Finding the spot Noah often sat at, he took a seat and waited for the masked Leah to enter the room before he gestured for her to sit in her spot.
The masked Leah's pupils dilated, the confusion, suspicion, and reluctance in her gaze growing tumultuous as Noah accurately pinpointed the place Leah used to sit in her childhood. It wasn't information a body double, or someone under the guise of magic to alter the body could know.
Noah gestured for the masked Leah to sit again, but she grew skittish, not knowing what to believe anymore.
In the end, Noah patiently waited until the masked Leah inched closer and closer, and then sat next to him, legs pulled up to her chest, arms wrapped around her knees.
Wordlessly, Noah rummaged through his belongings to see if he still had any bread from the Everbright estate on him. He'd brought it along as emergency rations, but he didn't know if they'd be here in this revelation. He figured that if his sword and armor were on his person in this vision, then the items he'd brought along would be too.

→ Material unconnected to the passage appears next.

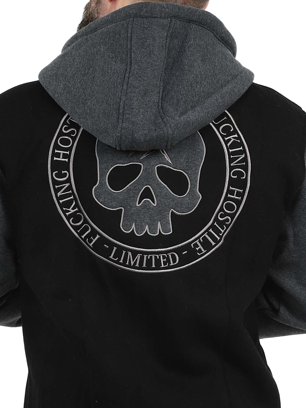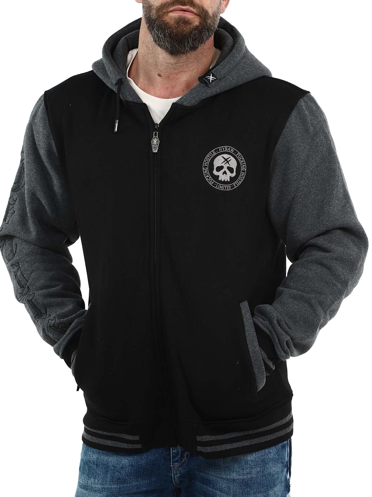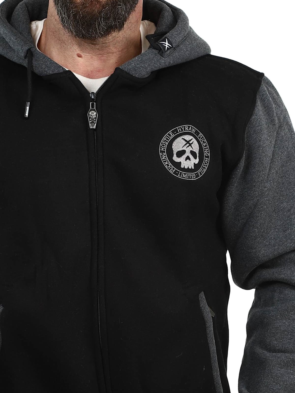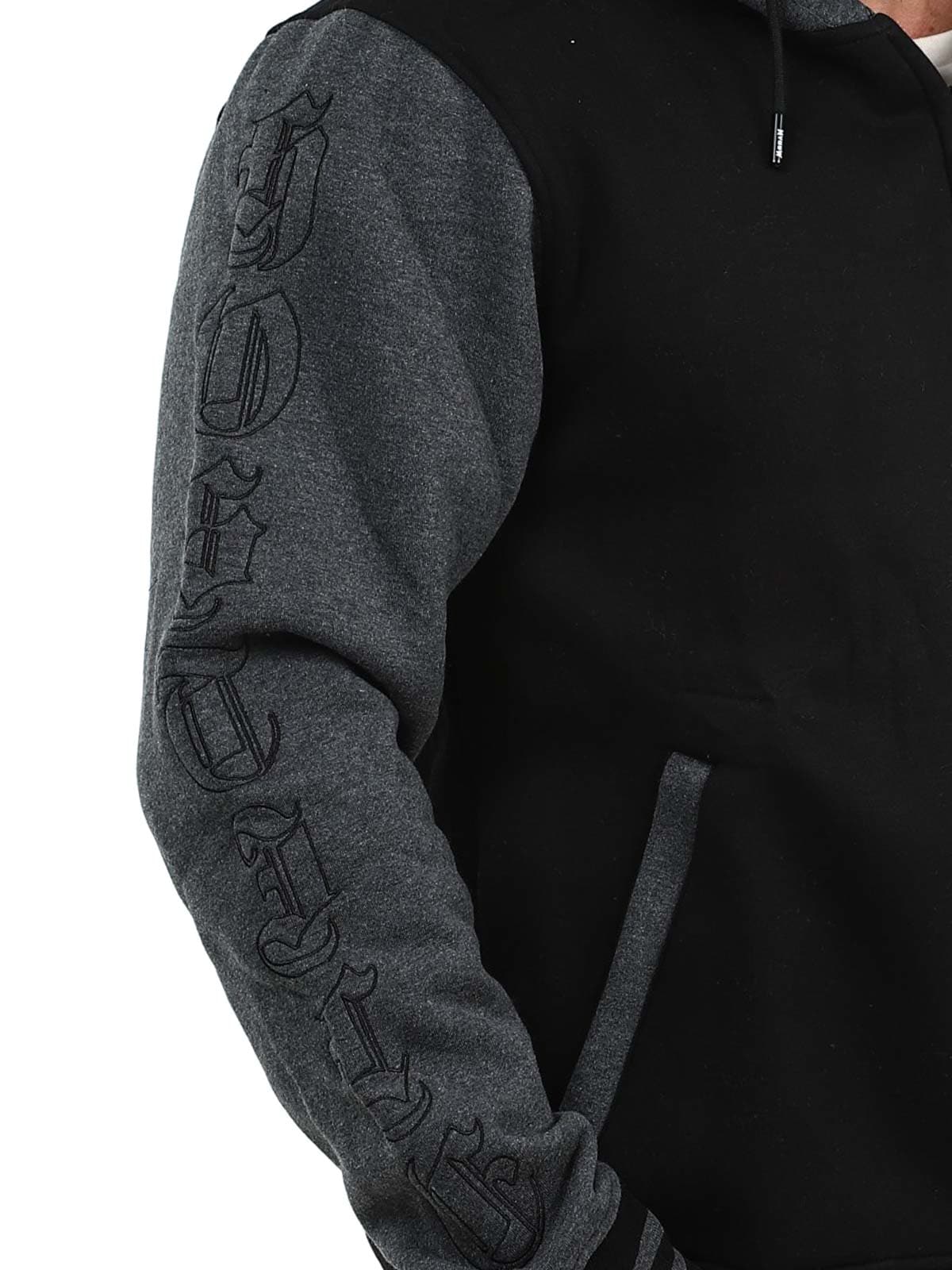 Sort trøje med mørkegrå hætte og ærmer. Designet med broderet tryk på brystet, ryggen og ærmerne. Den har børstet inderside, to lommer med lynlås samt ribkanter ved ærmer og nederkant.

Finally finding a loaf of premium buttered bread, Noah broke the bread into two halves and silently offered a piece to the masked Leah. It was the bigger of the two pieces, but her expression shook before she took the smaller of the two halves.
For the glutton Leah, it was jarring.
Staring at the bread in her hands, rather than eat it, the masked Leah hugged it close and sobbed as if cherishing old memories.
This time, Noah managed to wrap an arm around her in the silence, the physical contact exposing the scars buried within her.
"N-Noah?" the voice came out croaked, desperate and dry.
Noah hugged her tighter, the masked Leah's hands clutching onto him as lost warmth held her close once more.
"N-Noah! Noah! N-Noah-hic-hic-N-Nooaahh!"
Noah's jaw clenched, eyes misting over from emotion.
He wanted answers.
He needed them, and yet all he did was let the masked Leah cry herself to exhaustion until she fell asleep.
It gave Noah time to think.
Time to stew.
The visions had come in correlation to Noah contacting Old Margaret's wooden mask. In which case, this future circumstance revolved around the Witch.
Noah did not know how, or why, but did it really matter?
With bloodshot eyes, Noah focused on the crux of the matter.
Before personal gain, before retribution, before even Amaranth and the risk of it being overrun by the black fog,
When he got back, he would never let Old Margaret live to see the light of another day.